Contudo, compreende-se. De um apaixonado pelos clássicos liberais que nunca entendeu que tal teoria os coloca aos pulos na tumba - não tivessem sido eles defensores por excelência do direito à vida - não se pode pedir muito mais. Dá para rir à gargalhada com o que vai escrevendo, o que já não é mau de todo.

Comentários:
Cara Mafalda,

Uma vez que os nossos debates já acabaram, por duas vezes, consigo a não querer prosseguir a conversa, aliás de uma forma pouco cordata, não vejo por que deverei despender energias a contrariar intelectualmente a sua contra-informação.

Responderei apenas ao seu exemplo.

Se o senhor A está a agonizar com um ataque cardíaco, não tem direito nenhum a "mundos e fundos" que pertençam outra pessoa para se salvar.
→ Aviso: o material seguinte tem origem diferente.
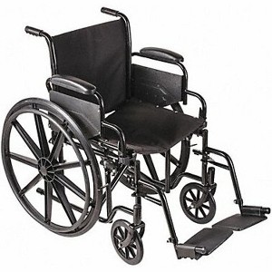 Comfortable, Convenient Wheelchair for Home and On the Go! This reliable, durable wheelchair from DMI makes it easy to transport your loved ones to and from vehicles, doctor’s appointments, shopping malls and other excursions. The mag-style wheels glide easily over many floors and surfaces for a smoother ride. Enjoy superior comfort as you roll with the embossed upholstered seat and seat back, padded armrests and lightweight foot plates It also folds nicely for easy storage and transport The easy-to-use push-to-lock brakes securely keep your wheelchair in place – one less thing to worry about. This is an excellent wheelchair to have around whether you are in the house or out and about. The mag-style composite wheels easily glide over many floors and surfaces. Built to last! Solid chip-resistant, chrome-plated, carbon-steel frame construction remains sturdy and durable through repeated use. Superior comfort with lightweight foot plates and padded armrests and embossed upholstered seat and seat back. Enjoy a cozier experience as you roll around in this wheelchair. iEasy to use push-to-lock brakes securely keep your wheelchair in place – one less thing to worry about. An excellent wheelchair to have around the house and when you are out and about. Width open: 26 inches Width folded: 9 ½ inches. Seat to floor height: 19 inches. Seat width: 18 inches. Seat depth: 16 inches. Back height: 18 inches. Weight: 41 pounds. Weight capacity: 250 pounds

Não quer isto dizer que se alguém os providenciar voluntariamente, o senhor A não possa deles beneficiar "porque a eles não tem direito". Com a transacção livre, a ter direito incontestado a esses meios.

Isto também não quer dizer que não seja aceitável que outrem seja roubado para salvar o senhor A, mesmo que seja uma violação dos direitos desse outrem. É sempre uma acção ilegítima e imoral.
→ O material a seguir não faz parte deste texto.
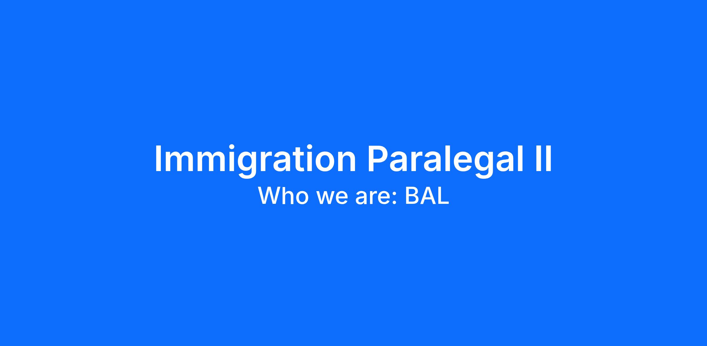 Who we are: BAL is a team of brilliant people who change lives through elite immigration work and collaborative innovation. We pursue the exceptional in all that we do, but never at the expense of our values. There’s no denying our work is demanding, both in volume and pace, but we’re up for the challenge. We love the balance of hard work and fun – so, you’ll see us in jeans as we shatter glass ceilings and conventional stereotypes. BAL employees feel valued, rewarded, and respected. We seek opportunities to be of service to others and our communities. We are committed to your growth and development, and want to set you up for success here at BAL and beyond.

Note que esta excepcionalidade, admitida por muitos liberais-clássicos, pode ser usada para justificar a proibição do Aborto— um motivo de força maior, um lifeboat situation, que obriga ao atropelo dos direitos das pessoas.

Se quiser atacar a posição liberal, este é um bom ângulo.
 
Que continuem! Estas declarações são do melhor que temos para a campanha do Não. Há que divulgar, há que divulgar!
 
Mafalda,
Peço desculpa se o meu comentário é inoportuno, mas francamente não percebo qual o interesse para a discussão de utilizar na argumentação esta abordagem e linguagem. Sendo claramente a favor do Não, parece-me que este tipo de verbo é perfeitamente dispensável, pois deixa transparecer um tom ressentido - que não sei se existe ou não - que bloqueia o debate e atinge pessoalmente os que participam na discussão, repito, sem qualquer necessidade.
MC
Rodrigo Adão da Fonseca
 
Cara anónima 28/12/06 12:41:
O seu raciocínio está errado por 2 motivos:
1. Se o senhor A está a agonizar com um ataque cardíaco tem o direito a ser atendido num hospital público, que, no fundo, usa o dinheiro de todos nós... ou seja, não é um senhor B que é roubado e sim toda a sociedade! Todavia, acho que ninguém é contra isto uma vez que a solidariedade é uma virtude bem fundamentada nos nossos valores comuns (até porque não sabemos se um dia vamos precisar...)
2. Se o senhor A for antes um menino A e tiver uma meningite é obrigação dos PAIS (ou qualquer outro encarregado) pagar (dentro das suas possibilidades) dos seus pertences para o salvar! Ou será que os pais podem, eticamente, deixar a criança definhar, só porque esta não possui pertences?

Caro Rodrigo:
Concordo que o tom do discurso é um pouco agressivo, mas este argumento é poderoso... demonstra onde a materialidade e pragmatismo da nossa civilização nos conduzem... a uma nova "lei do mais forte" onde aqueles que não se podem manifestar estão completamente desprotegidos!

Cumprimentos
 
Caro Rodrigo Adão da Fonseca,

não há qualquer ressentimento até porque nem conheço o AA. Sei que ele existe através da blogosfera e delicio-me com os disparates que vai proferindo.
Achar que o direito à vida é absurdo porque próprio dos regimes socialistas dá-me vontade de rir.
Ao cotejar isso com o auto-convencimento do AA, que se acha detentor de uma cultura jurídico política inigualável, chego à conclusão que este é o único tratamento que merece.
Pode não favorecer o debate. Mas o objectivo é tão só mostrar a quem nos lê os verdadeiro motivos de alguns defensores do sim. E para isso serve.

Cumprimentos,

Mafalda

Caro AA,

fique só a saber que se o senhor A estiver a agonizar com um ataque cardíaco e o AA for a única pessoa com meios para o auxiliar é obrigado a fazê-lo, sob pena de cometer um crime. E a isto não se chama socialismo. Chama-se reconhecimento da ineliminável dignidade ética do ser humano que o AA parece desconhecer.